*** Begin section ***

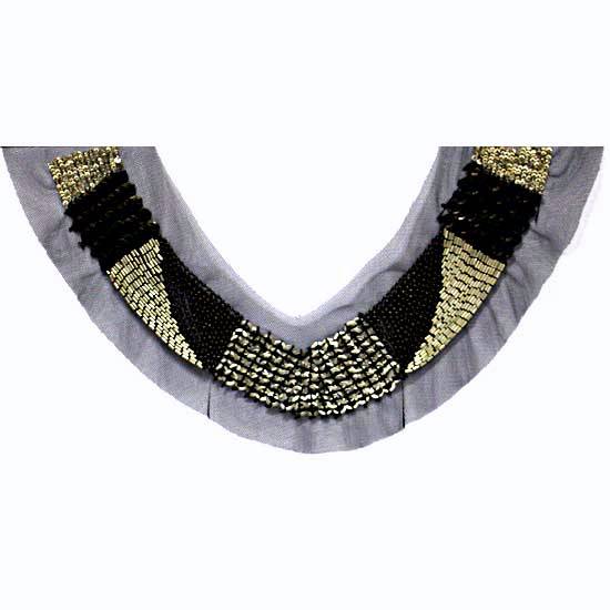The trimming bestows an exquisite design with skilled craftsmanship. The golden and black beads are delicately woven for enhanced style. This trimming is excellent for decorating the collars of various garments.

*** End section ***
*** Begin section ***

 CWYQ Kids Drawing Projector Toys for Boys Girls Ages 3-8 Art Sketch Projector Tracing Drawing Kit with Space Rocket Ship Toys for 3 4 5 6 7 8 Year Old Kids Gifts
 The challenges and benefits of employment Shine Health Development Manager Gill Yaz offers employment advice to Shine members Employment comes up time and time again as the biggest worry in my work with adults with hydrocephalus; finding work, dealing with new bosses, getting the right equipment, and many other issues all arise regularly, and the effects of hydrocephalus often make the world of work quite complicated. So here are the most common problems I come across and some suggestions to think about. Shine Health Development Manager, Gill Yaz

*** End section ***

### Task to complete:
In the entries above, please find the line with "CWYQ Kids Drawing" and the line with "The challenges and", then write out exactly those two lines and every line between them, and nothing more.

### Solution for this task:
 CWYQ Kids Drawing Projector Toys for Boys Girls Ages 3-8 Art Sketch Projector Tracing Drawing Kit with Space Rocket Ship Toys for 3 4 5 6 7 8 Year Old Kids Gifts
 The challenges and benefits of employment Shine Health Development Manager Gill Yaz offers employment advice to Shine members Employment comes up time and time again as the biggest worry in my work with adults with hydrocephalus; finding work, dealing with new bosses, getting the right equipment, and many other issues all arise regularly, and the effects of hydrocephalus often make the world of work quite complicated. So here are the most common problems I come across and some suggestions to think about. Shine Health Development Manager, Gill Yaz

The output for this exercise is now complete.